Wisdom teeth become impacted if the tooth cannot erupt because of gum or bone hardness and/or lack of space. Impacted wisdom teeth fall into four categories: Mesioangular refers to a tooth that is angled forward toward the front of the mouth; vertical refers to a tooth that does not fully erupt through the gum line; horizontal refers to a tooth that angles forward, growing into the roots of the second molar; and distoangular refers to a tooth that is angled backward.

Disorders and Diseases

Wisdom teeth may become infected when saliva, bacteria, or food particles collect around them, causing pain, decay, swelling, and, in severe cases, trismus (inability to open the mouth fully). The infection can spread to the cheek and neck. In rare cases, the infection has been linked to heart disease. Infected wisdom teeth are usually extracted.
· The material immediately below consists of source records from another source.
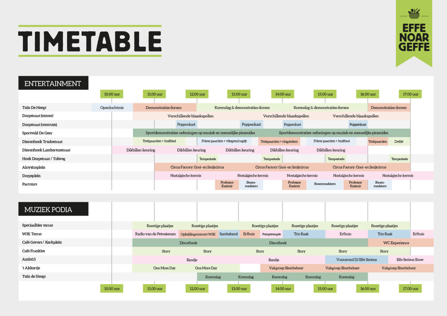 In de timetable van Effe noar Geffe kun je precies zien hoe laat de verschillende demonstraties beginnen. Ook de begin- en eindtijden van het complete muziekprogramma vind je hierin terug. Zo hoef je deze editie dus niets te missen!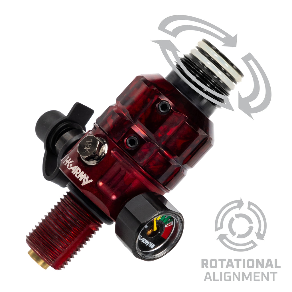 The HK Army Turbine Pro Regulator is engineered for players who demand flawless performance under pressure. Every component has been re-imagined for reliability, precision, and confidence in the most demanding environments. From its fully adjustable output pressure (350psi-650psi) to its 360° rotational cap that lets you align the gauge and fill valve exactly how you want them, to its reinforced internals and pro-grade quality control testing, the Turbine Pro Reg sets a new standard for air system technology.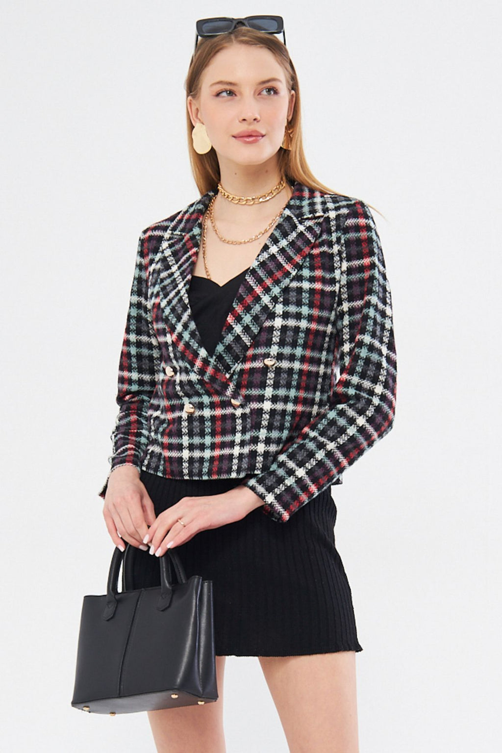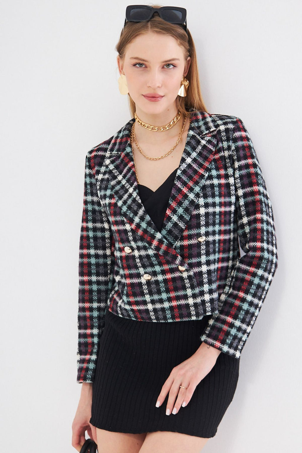 Women's Cagla Green Cruve Yaka Tüvit Crop Jacket ARM-24K001014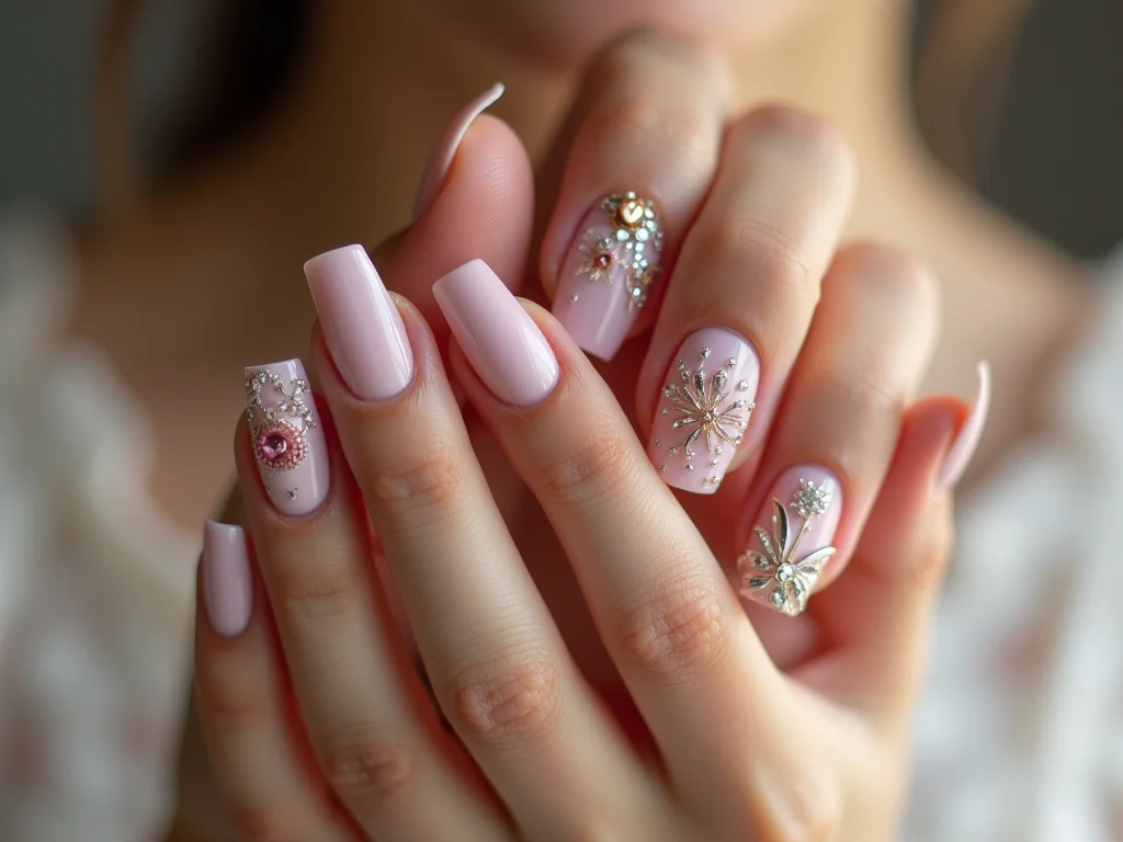 Existem pedrarias de todos os tipos: strass, cristais, mini pérolas, lantejoulas, e até mini corações ou estrelas. Os apliques podem ser feitos de metal, resina ou acrílico. Eles dão um relevo interessante para a unha, criando um efeito 3D super charmoso. Dá para misturar tamanhos e formatos, criando composições únicas. O importante é que o acabamento seja bom para não descolar fácil.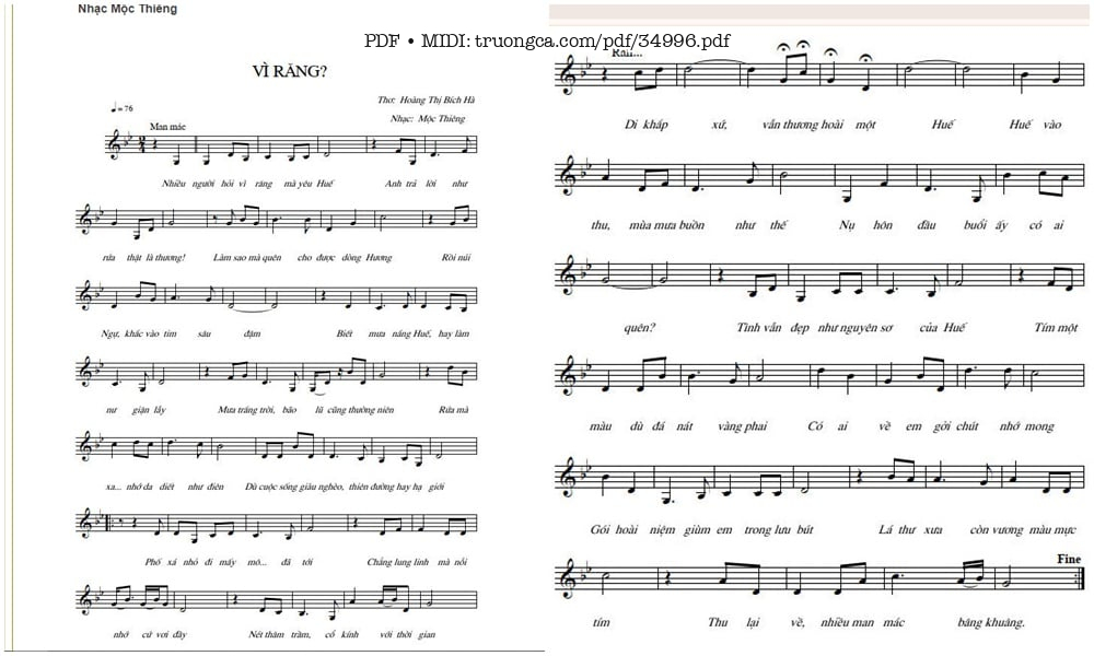 Mộc Thiêng Nhiều người hỏi vì răng mà yêu Huế Anh trả lời như rứa thật là thương [PDF] [Sheet] [Lyrics] [Mp4/Midi]

Wisdom teeth may also be removed even if no infection is present, such as when a younger patient is having lengthy orthodontic treatment to straighten teeth, as unremoved wisdom teeth may erupt and damage the straightened teeth. Also, older patients who need dentures should have any latent wisdom teeth removed. Should wisdom teeth erupt beneath a denture, it could cause severe irritation. The patient could suffer considerable pain and must replace the dentures, as the shape of the jaw will have changed.

There is a possibility of nerve damage during tooth extraction. Two nerves are close to the lower wisdom teeth. One of them, the inferior alveolar nerve, supplies sensation to the lower teeth on the right and the left side of the mouth, and a sense of touch to the right and left half of the chin and lower lip. The second nerve, the lengual, supplies a sense of touch and taste to the tongue and the gums. Injury can occur as a result of a faulty extraction or by a dental drill. Such injuries are rare, but damage can be prolonged or permanent.

Treatment after extraction usually consists of packing gauze pads in the hole for half an hour to control bleeding. Swelling is controlled by the use of cold packs. After twenty-four hours, rinsing with warm saltwater every two hours will help healing. For minor discomfort, aspirin or ibuprofen can be taken.

Perspective and Prospects

Researchers from the United States and Australia have made stem cell studies on the dental pulp found in extracted wisdom teeth. These stem cells have the potential to save injured teeth and grow jawbone. As research progresses, it may be possible to use these stem cells to restore cells damaged by conditions such as Parkinson’s disease.

Bibliography

Fields, Helen, and Margaret Mannix. “Not so Wise Wisdom Teeth.” U.S. News and World Report 139, no. 12 (October 13, 2005): 53.

Goldie, Maria Perno. “Stem Cell Research: A New Era.” Access 19, no. 9 (November 2005): 28-30.

“Hold On to Your Wisdom Teeth.” Consumer Reports on Health 5, no. 8 (August 1993): 84-85.

"Impacted tooth." MedlinePlus. April 5, 2012.

“Just Ask Us.” Current Health 27, no. 2 (October 2000): 94.

Roeder, Felix. "Necessity of 3D Visualization for the Removal of Lower Wisdom Teeth: Required Sample Size to Prove Non-Inferiority of Panoramic Radiography Compared to CBCT." Clinical Oral Investigation. 16.3 (2012): 699–706.

Steinmeh, Eric. “Yanking Those Wisdom Isn’t Always Necessary.” Health 19, no. 8 (October 2005): 91.

"Wisdom Teeth." American Association of Oral and Maxillofacial Surgeons. July 25, 2013.